Records supplied:
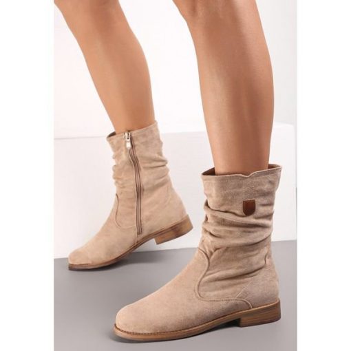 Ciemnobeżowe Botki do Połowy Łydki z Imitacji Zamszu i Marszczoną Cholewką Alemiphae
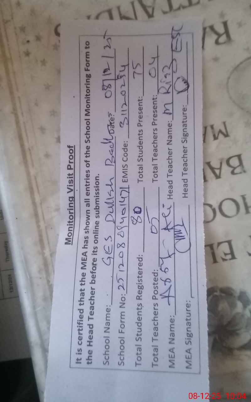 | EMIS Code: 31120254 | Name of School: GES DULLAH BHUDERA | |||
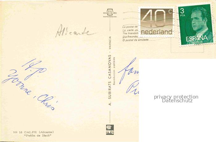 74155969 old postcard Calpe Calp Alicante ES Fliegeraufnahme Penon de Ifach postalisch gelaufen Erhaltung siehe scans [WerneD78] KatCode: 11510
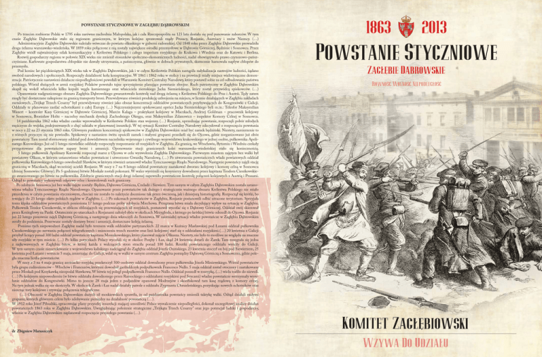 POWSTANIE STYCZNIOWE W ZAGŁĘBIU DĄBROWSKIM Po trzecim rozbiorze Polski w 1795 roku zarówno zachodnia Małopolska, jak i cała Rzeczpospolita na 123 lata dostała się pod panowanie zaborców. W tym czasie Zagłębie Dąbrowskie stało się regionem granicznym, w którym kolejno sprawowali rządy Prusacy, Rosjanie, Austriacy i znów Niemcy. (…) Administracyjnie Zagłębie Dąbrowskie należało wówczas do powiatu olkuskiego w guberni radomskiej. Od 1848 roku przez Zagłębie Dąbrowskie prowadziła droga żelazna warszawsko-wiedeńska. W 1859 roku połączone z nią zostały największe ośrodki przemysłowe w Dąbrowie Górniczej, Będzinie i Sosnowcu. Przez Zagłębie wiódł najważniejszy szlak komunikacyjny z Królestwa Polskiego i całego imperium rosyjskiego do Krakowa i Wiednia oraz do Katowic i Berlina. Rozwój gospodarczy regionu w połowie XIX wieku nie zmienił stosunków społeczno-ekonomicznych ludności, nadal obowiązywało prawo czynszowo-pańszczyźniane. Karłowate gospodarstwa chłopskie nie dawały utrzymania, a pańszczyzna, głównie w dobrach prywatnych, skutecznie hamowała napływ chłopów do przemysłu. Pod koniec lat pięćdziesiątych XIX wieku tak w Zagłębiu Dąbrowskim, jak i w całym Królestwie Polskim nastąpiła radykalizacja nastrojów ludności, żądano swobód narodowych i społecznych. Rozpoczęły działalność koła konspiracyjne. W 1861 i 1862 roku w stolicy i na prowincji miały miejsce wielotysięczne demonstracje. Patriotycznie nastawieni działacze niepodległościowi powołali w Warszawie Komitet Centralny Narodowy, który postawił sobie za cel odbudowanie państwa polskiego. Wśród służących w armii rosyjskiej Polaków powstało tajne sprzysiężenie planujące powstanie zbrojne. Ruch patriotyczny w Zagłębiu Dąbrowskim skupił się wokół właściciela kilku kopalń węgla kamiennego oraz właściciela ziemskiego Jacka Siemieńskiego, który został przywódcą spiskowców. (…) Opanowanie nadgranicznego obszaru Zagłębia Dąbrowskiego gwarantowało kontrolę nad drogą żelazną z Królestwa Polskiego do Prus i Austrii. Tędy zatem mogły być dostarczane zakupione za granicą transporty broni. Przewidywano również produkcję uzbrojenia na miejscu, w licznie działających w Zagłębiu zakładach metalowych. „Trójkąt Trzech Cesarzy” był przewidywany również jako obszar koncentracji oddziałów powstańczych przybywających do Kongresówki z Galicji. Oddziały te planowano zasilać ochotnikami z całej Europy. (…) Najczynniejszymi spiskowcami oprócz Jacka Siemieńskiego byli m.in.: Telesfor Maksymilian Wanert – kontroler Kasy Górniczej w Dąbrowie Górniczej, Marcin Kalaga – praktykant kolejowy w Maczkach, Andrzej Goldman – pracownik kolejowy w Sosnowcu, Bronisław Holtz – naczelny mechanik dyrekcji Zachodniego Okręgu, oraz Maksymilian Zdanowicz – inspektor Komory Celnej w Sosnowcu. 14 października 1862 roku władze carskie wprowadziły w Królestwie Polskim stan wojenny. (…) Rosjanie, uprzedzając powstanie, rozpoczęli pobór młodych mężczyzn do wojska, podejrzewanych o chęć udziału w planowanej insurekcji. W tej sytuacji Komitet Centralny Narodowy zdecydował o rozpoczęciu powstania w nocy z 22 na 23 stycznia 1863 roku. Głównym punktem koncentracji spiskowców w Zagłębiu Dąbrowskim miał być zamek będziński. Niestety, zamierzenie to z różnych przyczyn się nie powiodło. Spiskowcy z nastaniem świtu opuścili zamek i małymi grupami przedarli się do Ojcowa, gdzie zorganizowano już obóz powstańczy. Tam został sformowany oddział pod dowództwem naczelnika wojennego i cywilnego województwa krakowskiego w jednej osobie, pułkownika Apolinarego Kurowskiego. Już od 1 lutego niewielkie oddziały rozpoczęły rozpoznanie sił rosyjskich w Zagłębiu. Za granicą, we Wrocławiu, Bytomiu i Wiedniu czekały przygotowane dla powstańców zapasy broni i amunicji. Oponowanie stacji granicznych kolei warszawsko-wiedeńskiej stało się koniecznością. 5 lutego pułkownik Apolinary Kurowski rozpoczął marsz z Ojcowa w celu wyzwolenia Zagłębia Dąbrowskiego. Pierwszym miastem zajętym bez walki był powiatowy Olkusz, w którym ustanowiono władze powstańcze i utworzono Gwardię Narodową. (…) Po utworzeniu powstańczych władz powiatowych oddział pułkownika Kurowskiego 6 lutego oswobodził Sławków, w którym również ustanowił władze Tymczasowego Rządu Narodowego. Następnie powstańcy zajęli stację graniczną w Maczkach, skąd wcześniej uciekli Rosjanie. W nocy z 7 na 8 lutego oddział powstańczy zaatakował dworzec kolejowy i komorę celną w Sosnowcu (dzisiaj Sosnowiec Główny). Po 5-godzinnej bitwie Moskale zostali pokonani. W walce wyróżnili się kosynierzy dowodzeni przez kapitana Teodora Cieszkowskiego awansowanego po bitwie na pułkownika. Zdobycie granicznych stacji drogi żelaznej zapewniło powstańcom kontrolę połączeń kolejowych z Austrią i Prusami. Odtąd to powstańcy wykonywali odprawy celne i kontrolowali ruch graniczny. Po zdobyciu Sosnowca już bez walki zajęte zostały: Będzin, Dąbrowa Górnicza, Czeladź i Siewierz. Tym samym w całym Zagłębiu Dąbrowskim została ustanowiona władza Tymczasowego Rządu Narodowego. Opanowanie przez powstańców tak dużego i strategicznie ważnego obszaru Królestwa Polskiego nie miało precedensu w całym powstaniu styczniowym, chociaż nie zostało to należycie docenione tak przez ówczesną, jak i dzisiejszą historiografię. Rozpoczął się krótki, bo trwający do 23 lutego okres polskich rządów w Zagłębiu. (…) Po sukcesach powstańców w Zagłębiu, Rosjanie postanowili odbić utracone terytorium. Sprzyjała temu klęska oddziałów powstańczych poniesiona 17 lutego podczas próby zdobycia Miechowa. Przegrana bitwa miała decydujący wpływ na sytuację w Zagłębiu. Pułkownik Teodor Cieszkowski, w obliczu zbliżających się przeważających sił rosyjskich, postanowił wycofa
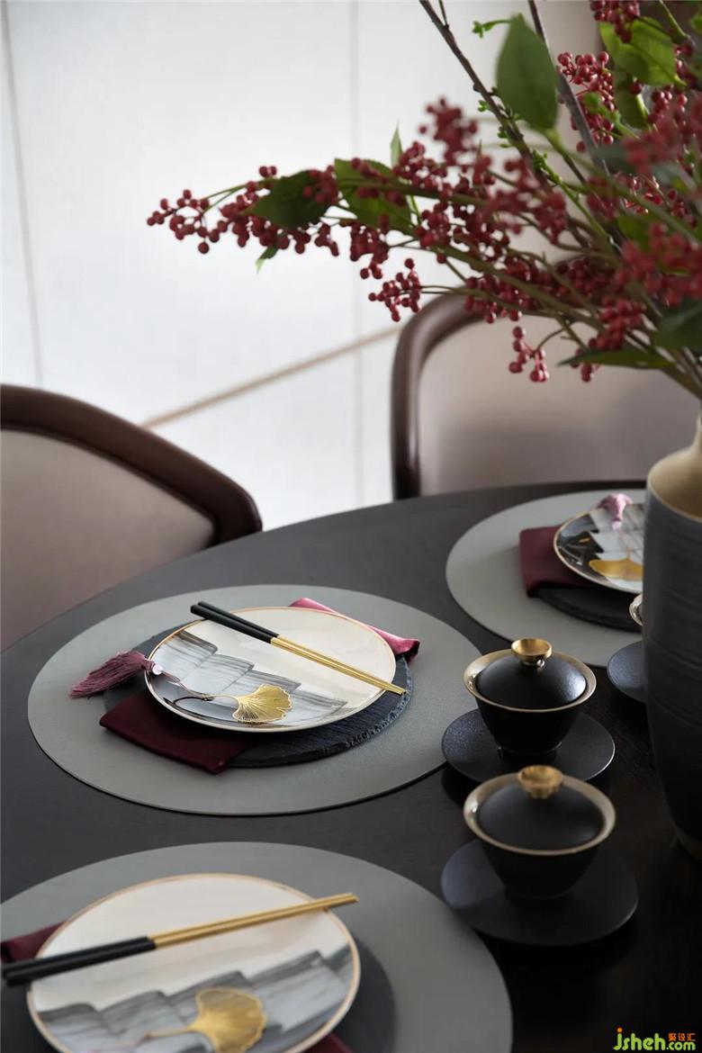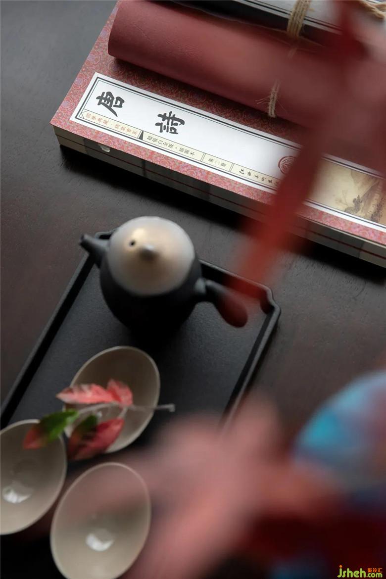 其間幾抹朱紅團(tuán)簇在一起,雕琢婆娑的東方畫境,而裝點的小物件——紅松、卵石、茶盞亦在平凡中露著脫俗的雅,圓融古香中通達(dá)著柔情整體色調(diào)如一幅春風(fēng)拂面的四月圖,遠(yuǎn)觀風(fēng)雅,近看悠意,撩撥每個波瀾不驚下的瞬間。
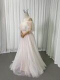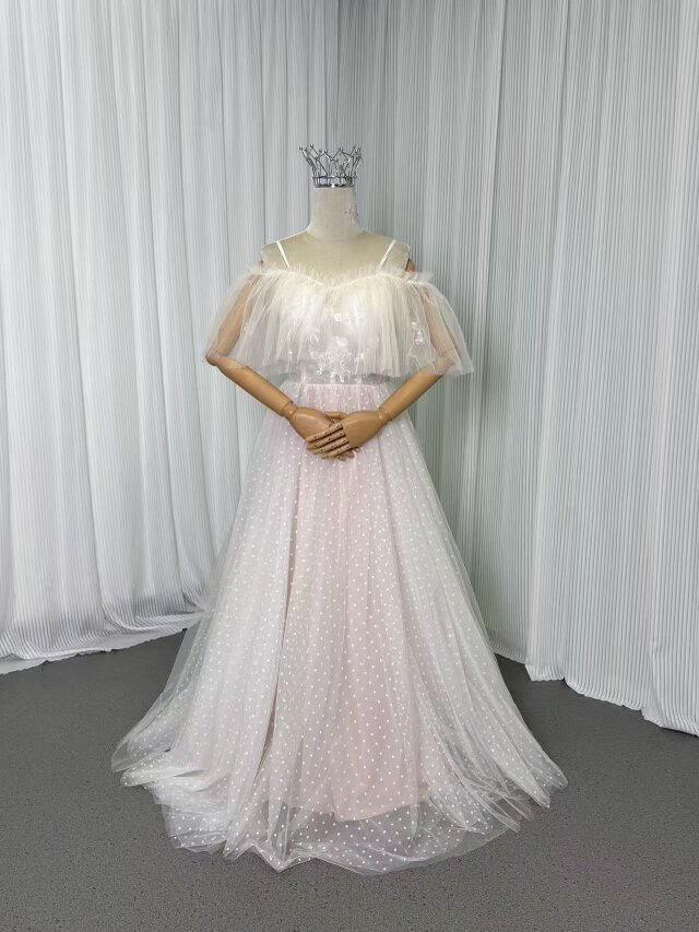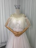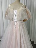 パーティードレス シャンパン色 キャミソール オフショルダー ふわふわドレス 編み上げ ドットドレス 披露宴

Work item:
Extract, word for word, each line from the top of the data down to and including the line with "74155969 old postcard"; skip the pictures.

Expected output:
 Ciemnobeżowe Botki do Połowy Łydki z Imitacji Zamszu i Marszczoną Cholewką Alemiphae
 | EMIS Code: 31120254 | Name of School: GES DULLAH BHUDERA | |||
 74155969 old postcard Calpe Calp Alicante ES Fliegeraufnahme Penon de Ifach postalisch gelaufen Erhaltung siehe scans [WerneD78] KatCode: 11510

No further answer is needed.